**EXERCISE GOAL**: Repeat, exactly as they appear, the lines from the one with "Cestovní nemačkavý voděodolný" through the last line of the entries below, but none of the pictures.

****

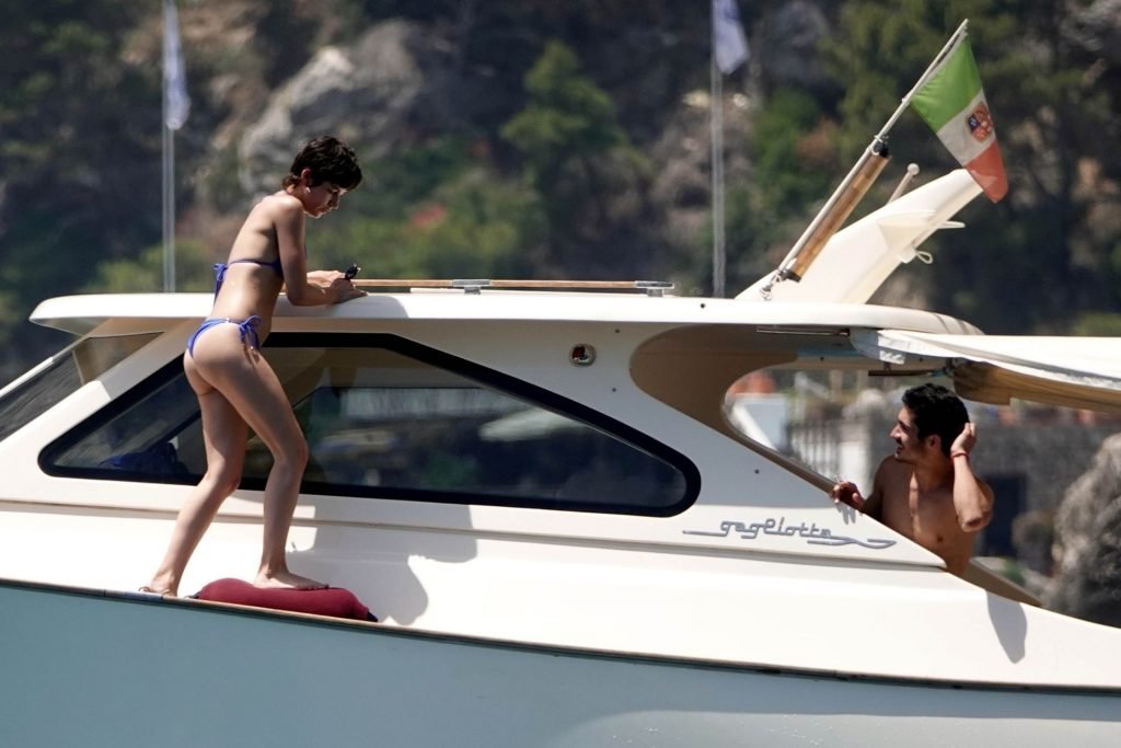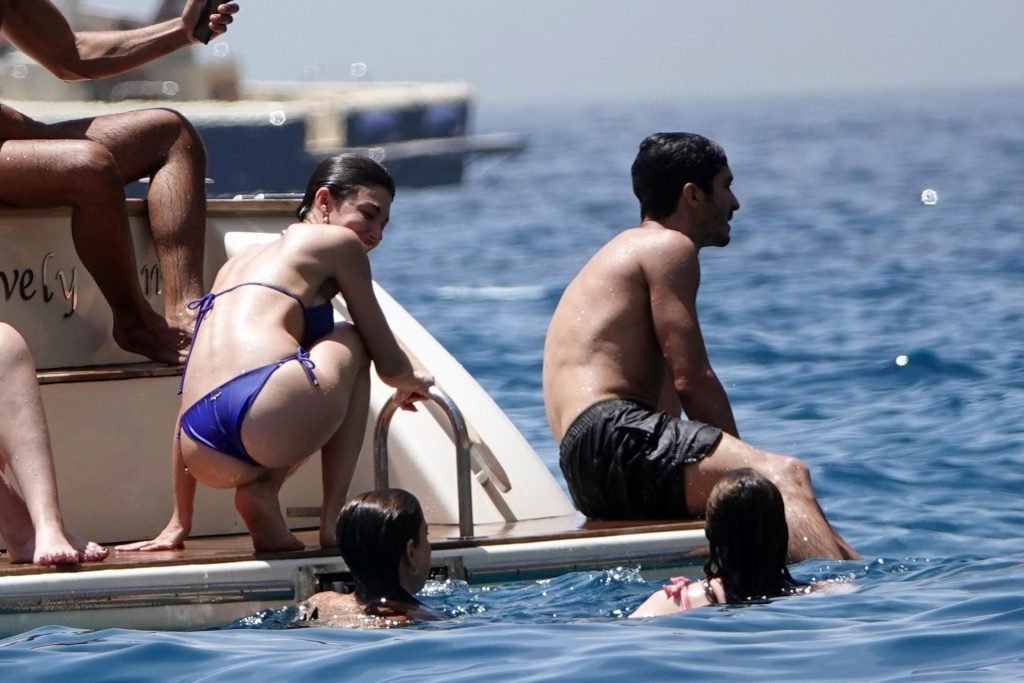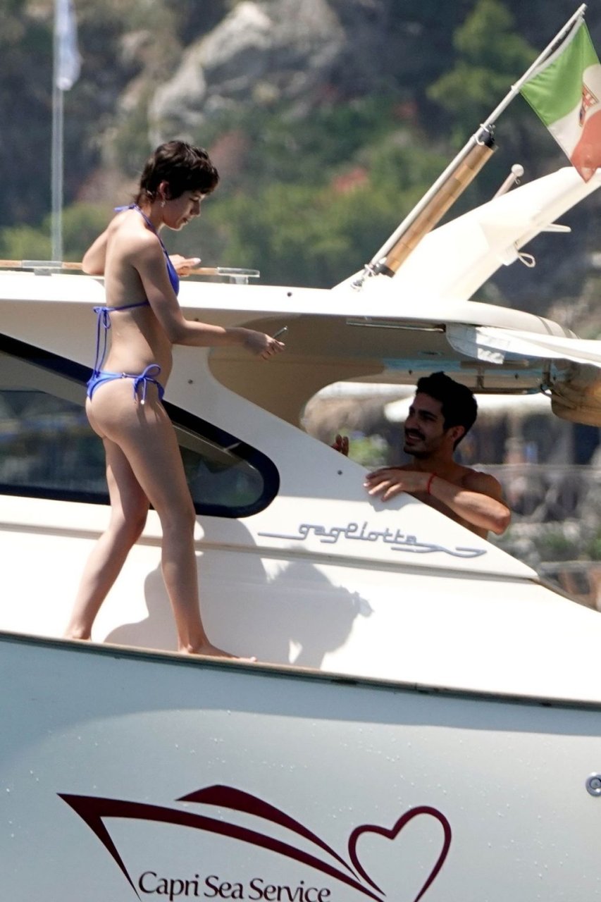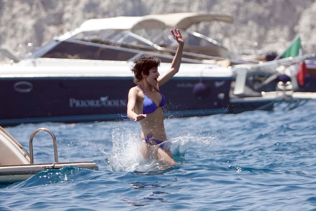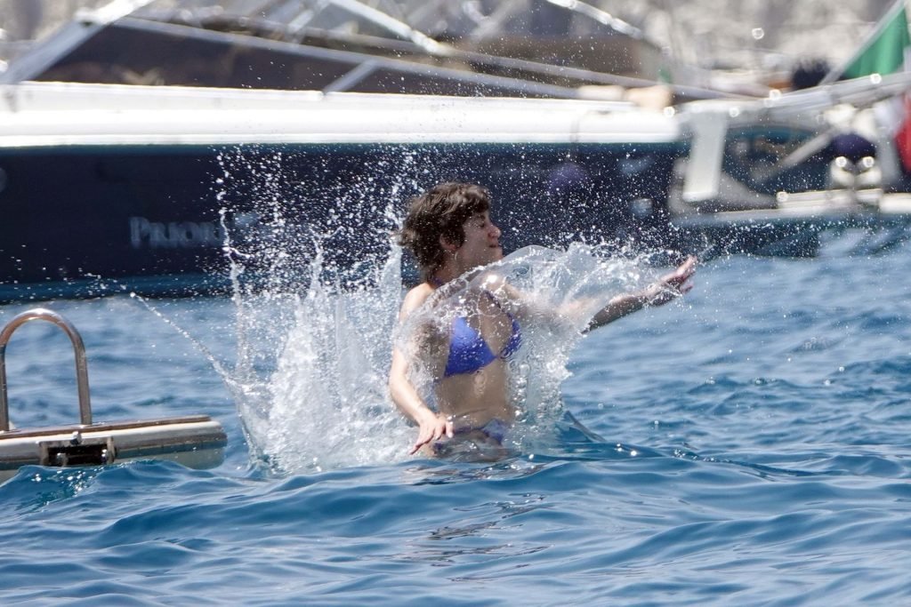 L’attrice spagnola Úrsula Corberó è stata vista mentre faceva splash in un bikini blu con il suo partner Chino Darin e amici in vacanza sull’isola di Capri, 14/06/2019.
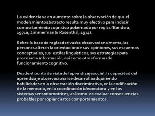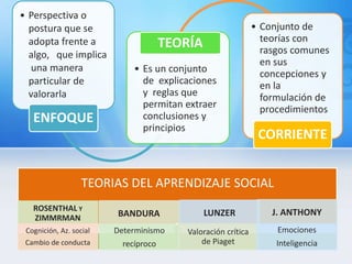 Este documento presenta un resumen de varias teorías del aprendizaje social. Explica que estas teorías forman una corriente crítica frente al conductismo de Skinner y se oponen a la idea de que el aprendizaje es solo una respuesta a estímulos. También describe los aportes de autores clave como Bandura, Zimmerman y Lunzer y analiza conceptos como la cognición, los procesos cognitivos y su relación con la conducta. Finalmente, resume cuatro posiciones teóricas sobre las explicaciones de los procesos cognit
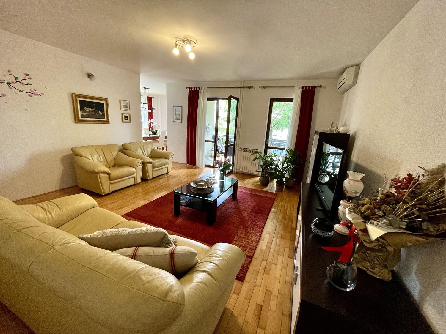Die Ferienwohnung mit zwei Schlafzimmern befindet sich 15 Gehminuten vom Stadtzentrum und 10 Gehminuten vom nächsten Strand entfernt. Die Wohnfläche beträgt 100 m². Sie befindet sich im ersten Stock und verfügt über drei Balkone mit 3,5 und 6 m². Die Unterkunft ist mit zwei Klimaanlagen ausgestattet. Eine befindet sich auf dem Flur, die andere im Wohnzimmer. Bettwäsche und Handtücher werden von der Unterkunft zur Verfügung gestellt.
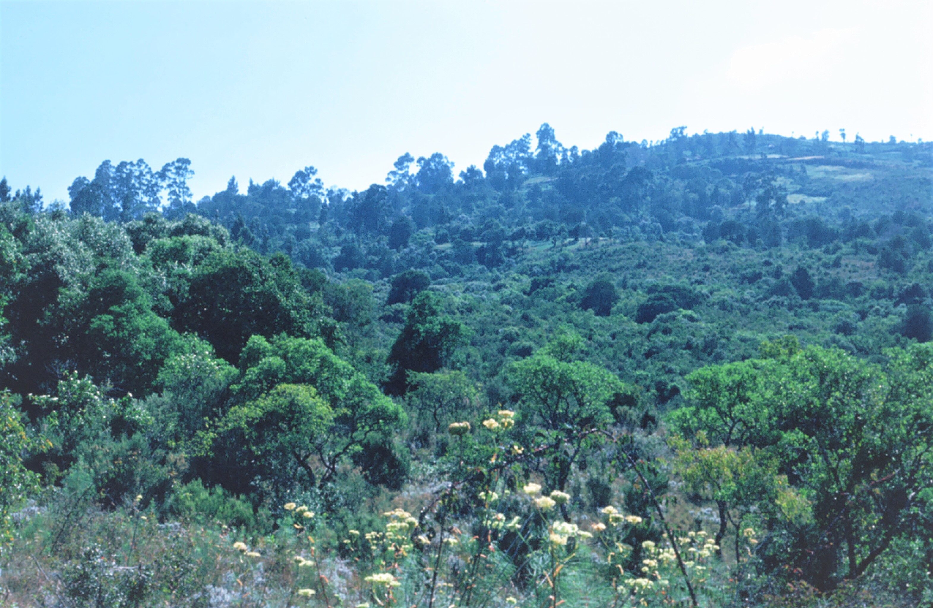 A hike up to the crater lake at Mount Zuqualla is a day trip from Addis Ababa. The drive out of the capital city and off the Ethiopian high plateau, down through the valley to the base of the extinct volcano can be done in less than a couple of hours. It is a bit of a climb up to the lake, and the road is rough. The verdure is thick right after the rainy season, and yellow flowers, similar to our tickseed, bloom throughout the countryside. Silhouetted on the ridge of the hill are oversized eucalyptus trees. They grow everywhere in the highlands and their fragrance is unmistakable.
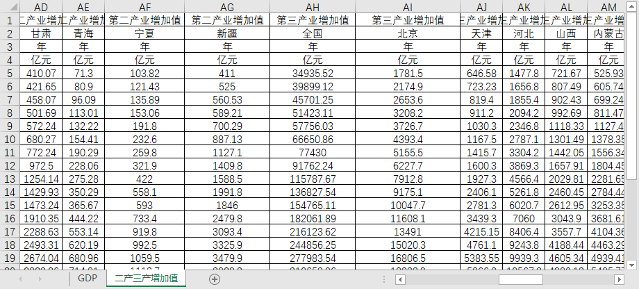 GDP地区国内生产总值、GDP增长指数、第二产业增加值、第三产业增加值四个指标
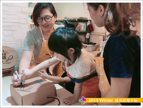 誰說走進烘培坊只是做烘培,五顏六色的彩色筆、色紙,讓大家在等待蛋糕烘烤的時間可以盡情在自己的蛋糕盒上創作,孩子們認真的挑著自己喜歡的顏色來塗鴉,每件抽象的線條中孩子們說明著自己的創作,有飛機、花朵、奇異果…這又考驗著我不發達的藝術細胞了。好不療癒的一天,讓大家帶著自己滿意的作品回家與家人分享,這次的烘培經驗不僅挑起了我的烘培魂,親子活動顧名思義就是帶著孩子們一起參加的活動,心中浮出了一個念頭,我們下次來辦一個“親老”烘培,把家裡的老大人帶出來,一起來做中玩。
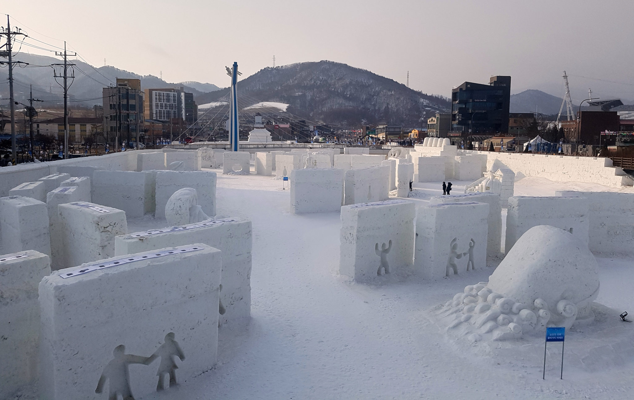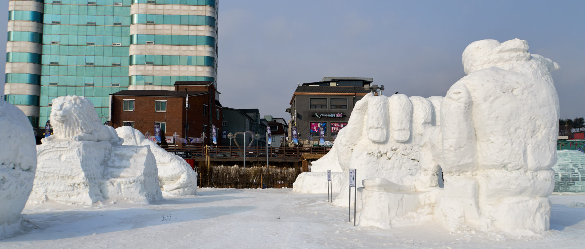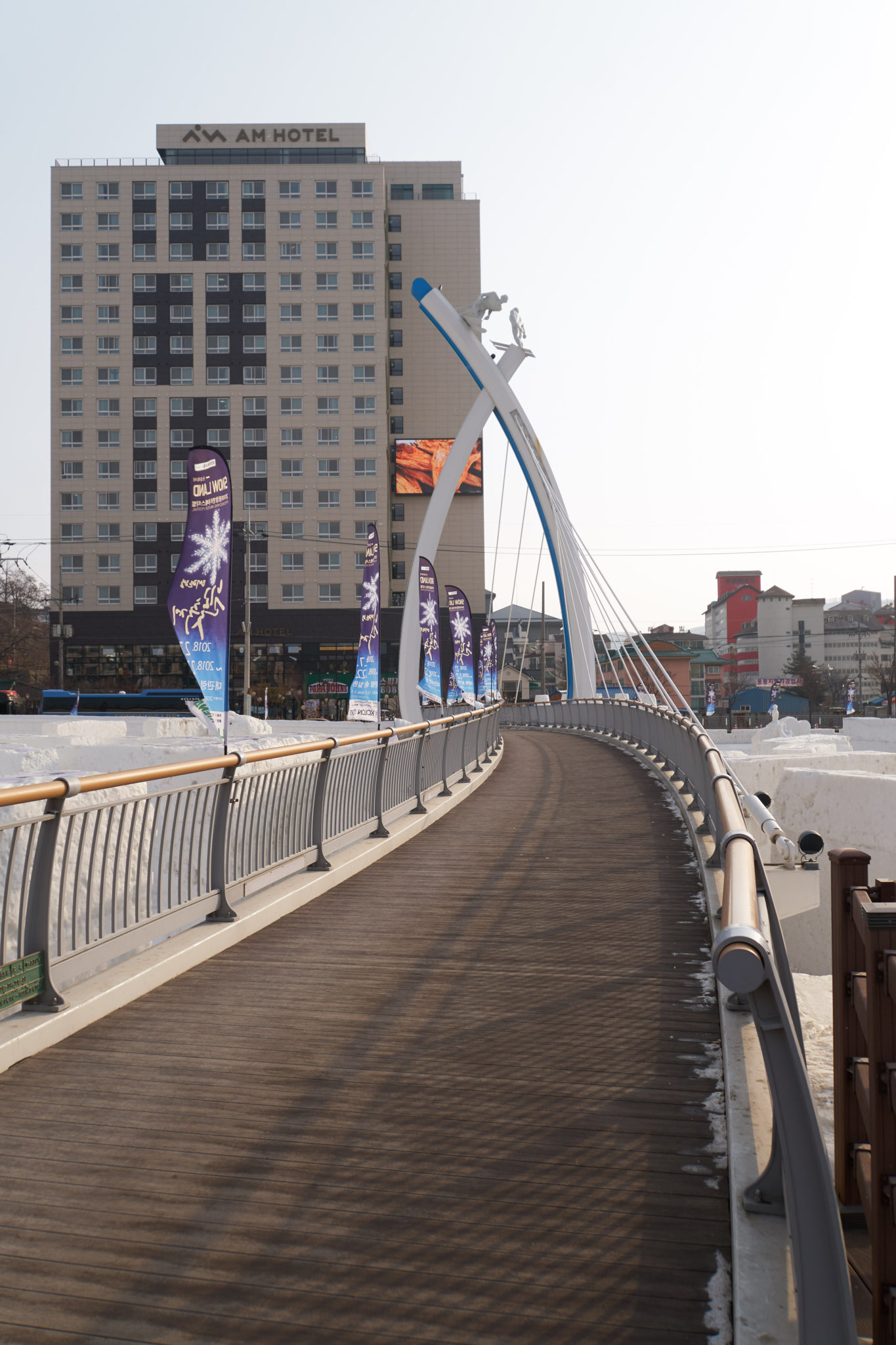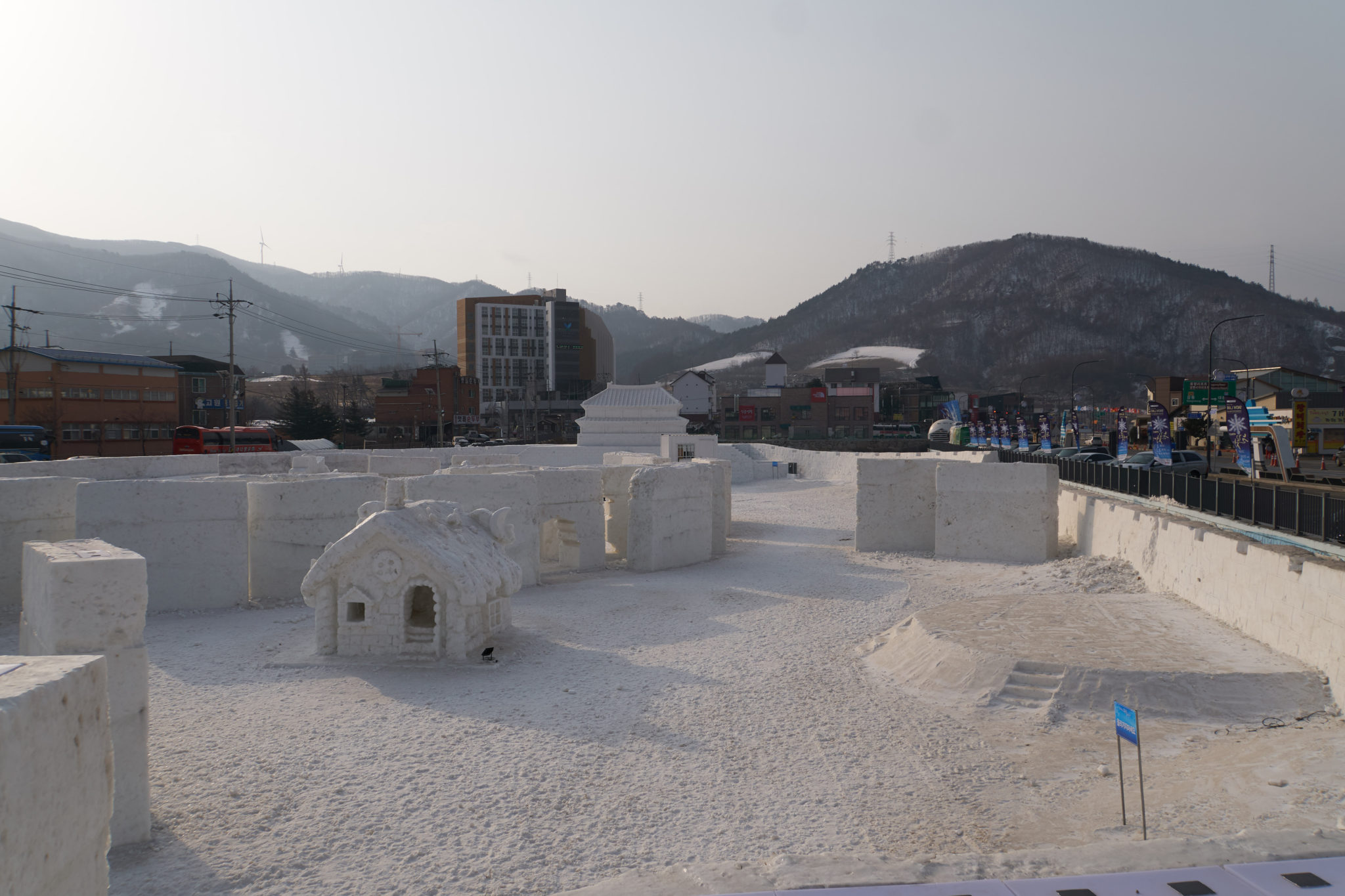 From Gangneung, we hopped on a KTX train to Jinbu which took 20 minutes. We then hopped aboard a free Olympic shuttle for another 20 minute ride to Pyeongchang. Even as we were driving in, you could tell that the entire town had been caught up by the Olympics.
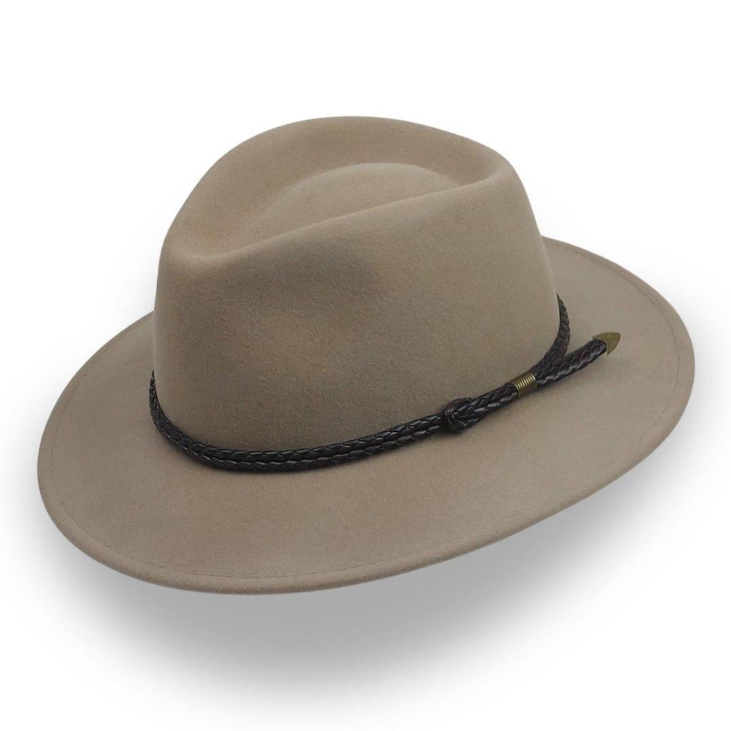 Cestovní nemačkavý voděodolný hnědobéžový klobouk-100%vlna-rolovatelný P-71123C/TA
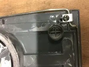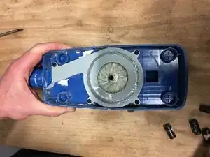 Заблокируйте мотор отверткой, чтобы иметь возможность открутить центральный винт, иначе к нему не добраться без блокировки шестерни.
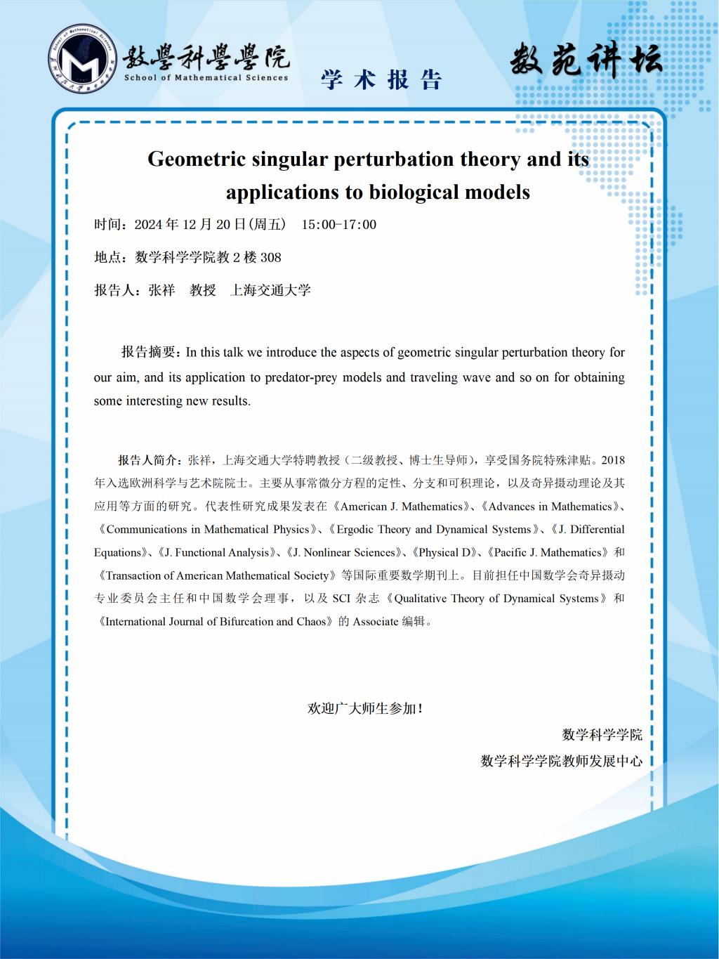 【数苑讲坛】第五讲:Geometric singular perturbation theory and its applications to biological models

****

**ANSWER TO THE PROBLEM**:
 Cestovní nemačkavý voděodolný hnědobéžový klobouk-100%vlna-rolovatelný P-71123C/TA
 Заблокируйте мотор отверткой, чтобы иметь возможность открутить центральный винт, иначе к нему не добраться без блокировки шестерни.
 【数苑讲坛】第五讲:Geometric singular perturbation theory and its applications to biological models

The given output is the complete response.